§ **TRY IT**
Begin at the line that has "Figura 2. Vitrectomía", stop after the line that has "который действительно вырос;", and print exactly those lines from the records below, without any pictures.

§ **GIVEN RECORDS**
-------------------------
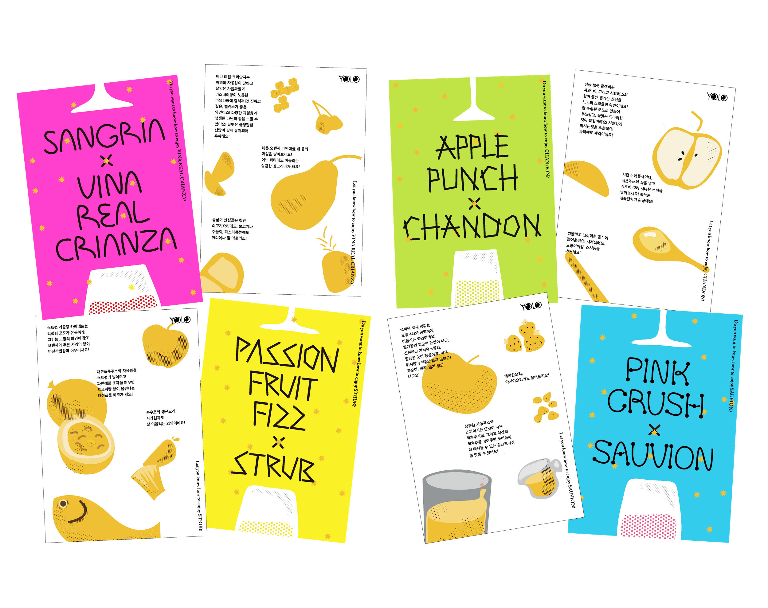 Young Koreans usually think that wine is an expensive and high-end drink, so it is not often bought. The wine retail brand was planned for them so that the younger population can have access to wine without having to pay high prices. Each type of wine has its own color, label and character. This makes it easier to distinguish and characterize the wines. Each type of wine also has a recipe card for a wine cocktail that can be made with that wine. These recipe cards were printed by Riso Printing.
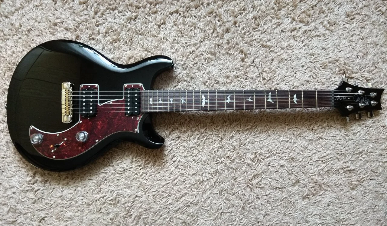 Da wäre es interessant zu erfahren, ob nicht womöglich überschüssige Lukather-Roh-Bodys verwendet wurden. Oder solche, deren Birdseye-Decken unzureichend gevögelt waren fürs transparent-blaue Signature-Modell. Man müsste irgendwie unter den schwarzen Decklack blicken können...quasi eine schwarze SL 1010
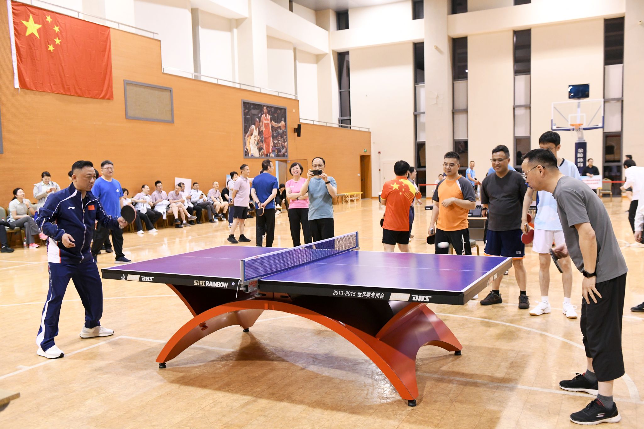 比赛采用混合团体赛制,分小组循环赛和同名次决赛两个阶段。赛场上,选手们或精准扣杀,或巧妙防守,或飞身救球,将力量与技巧融为一体。奥运冠军阎森、世界冠军张德英不时为选手们支招,赵子豪更是上场与学员切磋,引得全场沸腾。场边,啦啦队呐喊声此起彼伏,“友谊第一、比赛第二”的温馨场面贯穿始终。
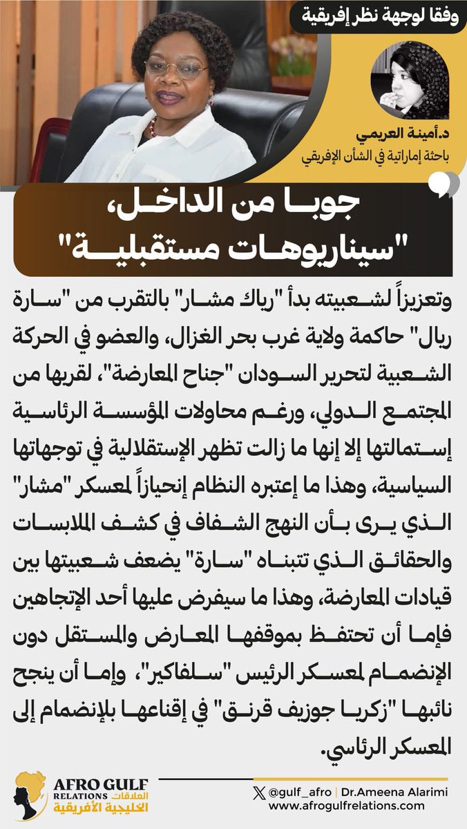 5️⃣ يجد معسكر “رياك مشار” صعوبة نسبيه في كسب الشخصيات السياسية أمثال “سارة ريال”، وبدأ المقربين من “مشار” يفسرونها بأنها عوائق حقيقية إذا لم يتم احتواءها فستتحول إلى أوراق رابحة في يد المعسكر الرئاسي وهذا ما يخشاه معسكر “رياك”، إلا أن ما يعيق إنضمام سارة إلى المعارضة هو ضعف شعبيتها بين قيادات المعارضة وذلك بسبب نهجها الشفاف في كشف الملابسات والحقائق، ونادي “أدم نارو” أحد القيادات في الحركة الشعبية المقربين من “مشار” إلى إستبدالها، وهذا ما أراه أنه سيفرض على “سارة” أحد الإتجاهين فإما أن تحتفظ سارة بموقفها المعارض والمستقل دون الإنضمام لمعسكر الرئيس “سلفاكير”، وإما أن ينجح نائبها “زكريا جوزيف قرنق” في إقناعها بلإنضمام إلى المعسكر الرئاسي.
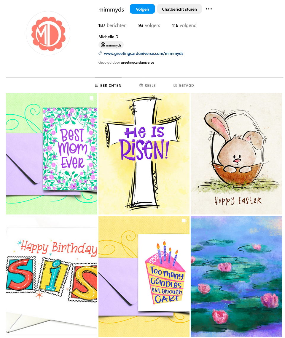 Here is an example of what a profile link to your GCU storefront looks like (if clicked from mobile device which is most likely, it will launch your cards on GCU’s mobile interface), thanks to GCU artist Michelle Downs of MimmyD’s cards:
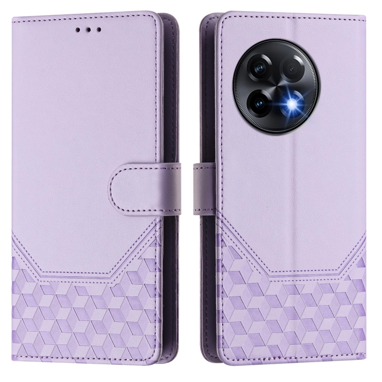 Funda de Cuero Rfid con Relieve de Panal Global para OnePlus 11R 5G (Morado Claro)
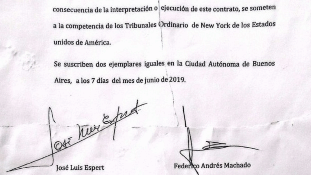 Días atrás, en un allanamiento a la vivienda de Machado en Viedma, los investigadores encontraron un contrato firmado entre ambos por un monto cercano a un millón de dólares, fechado en junio de 2019.
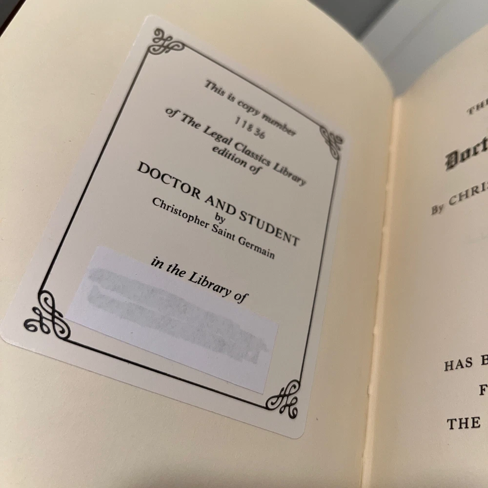 Doctor and Student Christopher Germain Leather Legal Classics Library Gryphon. This is not a new book but it is in very good condition. There is some shelf where on the front cover that I have highlighted in the photos. There is also a book plate inside the book. I have cover the name of the original owner.
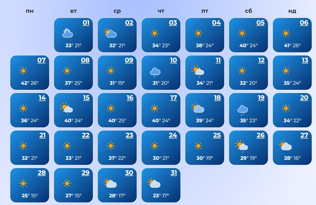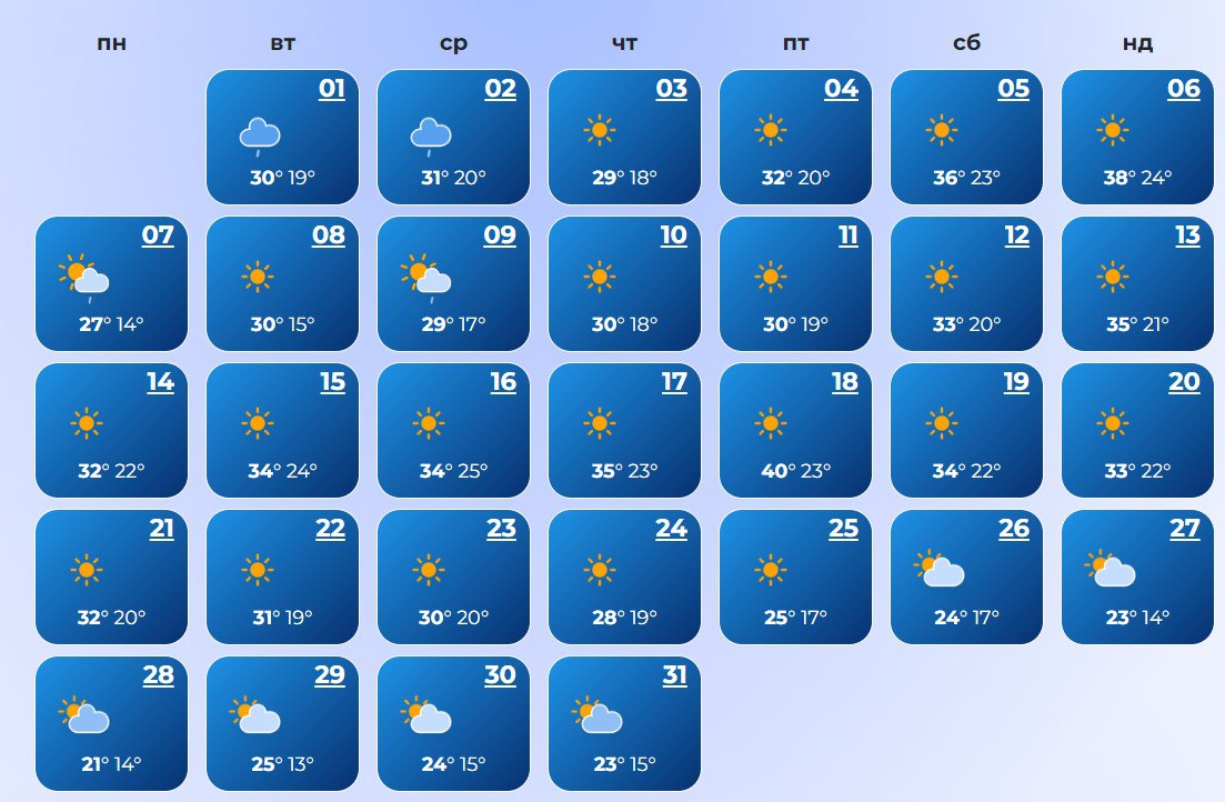В Запорожье в начале месяца пройдут дожди. В течение месяца температура воздуха будет от +17°С до +41°С днем.
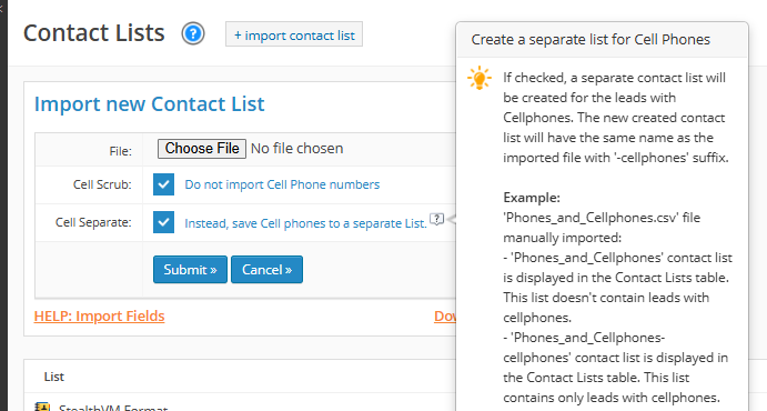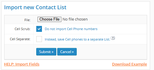 When manually importing a contact lists, users have the option to remove Cell Phone Numbers from their lists. To do so, enable "Do not import Cell Phone numbers".
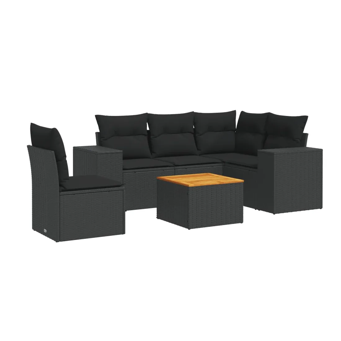 Salon de jardin 6 pcs avec coussins noir résine tressée
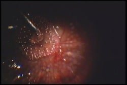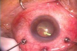 Figura 2. Vitrectomía transconjuntival a través de trocares 23G, cirugía que se realiza sin suturas.
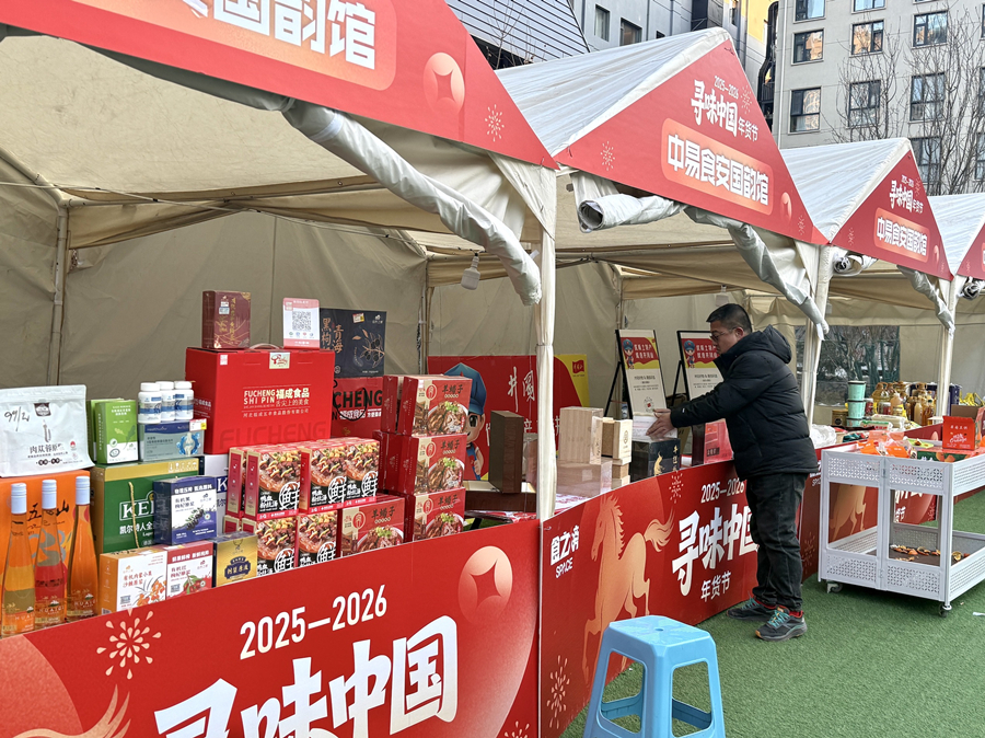 A vendor arranges New Year goods at a booth in Beijing, Jan. 1, 2026. [Photo by Liao Jiaxin/China.org.cn]
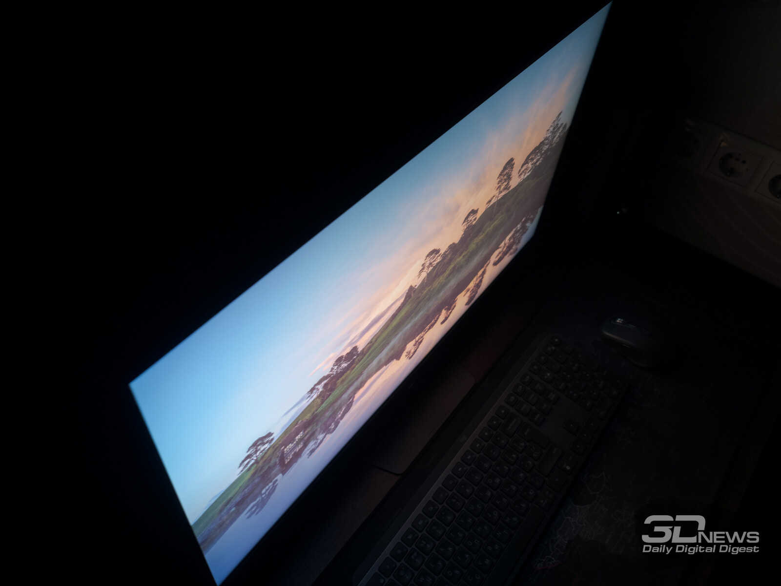 • подсветка с модифицированным спектром на «квантовых точках» (QD) – для снижения нагрузки на глаза и значительного расширения цветового охвата, который действительно вырос;
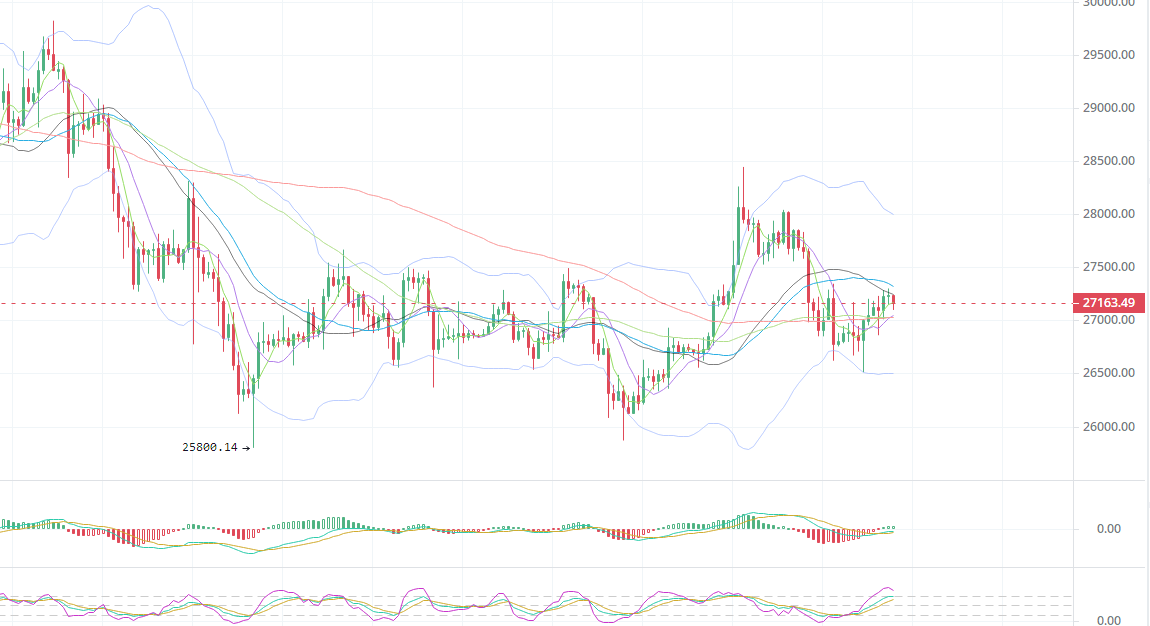 技术结构四小时级别来看,价格下探未能延续走低呈现收复上涨,多空量能得到转换以放量形态排列,运行通道在向下的缓慢进行中得到扭转收复,均线缓慢上扬延续,小周期修复上行还有进一步探高的需求,但带着较强的缓慢回调气息。一小时级别线中,运行通道形成向上延续的状态,量能以多头形态弱势维持,价格收复上行在高位窄幅修整,均线走势上表现孱弱焦灼,短线上震荡延续,上下力度都有一定限制,今日思路高位为主,低多为辅。昨日我们在文中给到27300-27500多空的思路。如果有看过文章的应该在27300是有布局空单进场的。交易思路参考6.2号发布文章的点位即可!
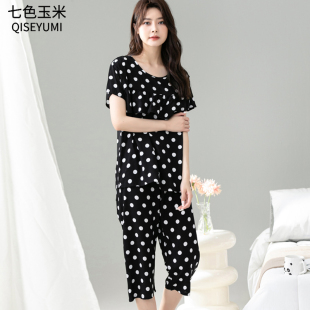 人造棉家居服两件套 短袖 妈妈棉绸睡衣女夏中老年人绵绸套装 薄款
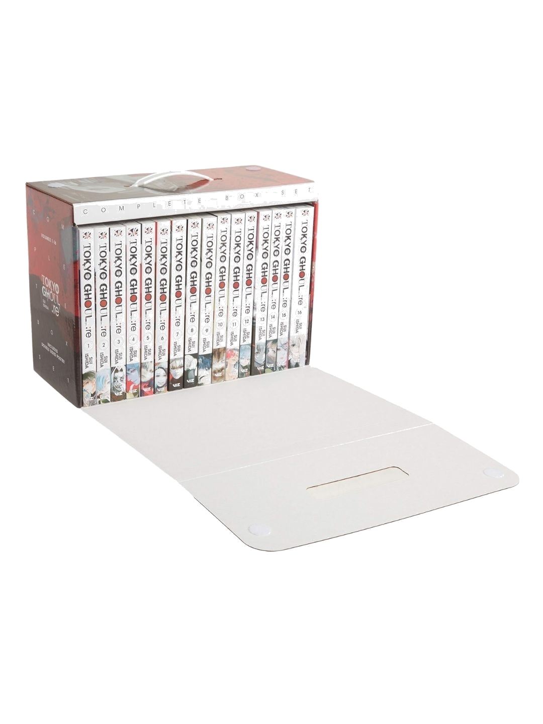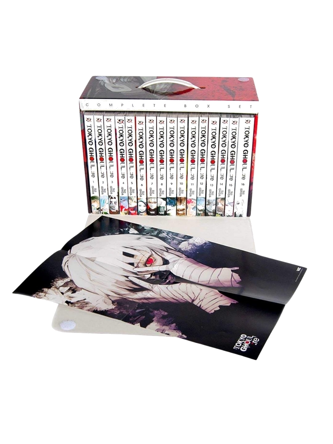 Στον κόσμο του Tokyo Ghoul, μερικές φορές ο μόνος τρόπος για να πολεμήσεις τα τέρατα είναι να γίνεις ένα από αυτά. . . Ένα box set που περιλαμβάνει και τους 16 τόμους της αρχικής σειράς Tokyo Ghoul: re, με μια αποκλειστική αφίσα διπλής όψης. "The Commission of Counter Ghoul is the only organization fighting the Ghoul menace, and they will use every tool at their disposal to protect humanity from its ultimate predator. Their newest weapon in this hidden war is an experimental procedure that implants human investigators with a Ghoul's Kagune, giving them Ghoul powers and abilities. But both the procedure and the newly formed Qs Squad are untested. Will they become heroes...or monsters?! " - Paperback - Publisher Viz Media, Subs. of Shogakukan Inc - Author Sui Ishida
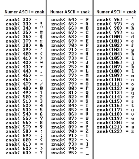 Opis każdego czujnika składa się z 13 znaków gdzie każdy może być małą / wielką literą, cyfrą, spacją czy znakiem specjalnym. Dokładnie sterownik korzysta z typowego komputerowego zestawu znaków ASCII od numeru 32 do 122 czyli jak w tabeli poniżej.
-------------------------
§ **SOLUTION TO THIS TASK**
 Figura 2. Vitrectomía transconjuntival a través de trocares 23G, cirugía que se realiza sin suturas.
 A vendor arranges New Year goods at a booth in Beijing, Jan. 1, 2026. [Photo by Liao Jiaxin/China.org.cn]
 • подсветка с модифицированным спектром на «квантовых точках» (QD) – для снижения нагрузки на глаза и значительного расширения цветового охвата, который действительно вырос;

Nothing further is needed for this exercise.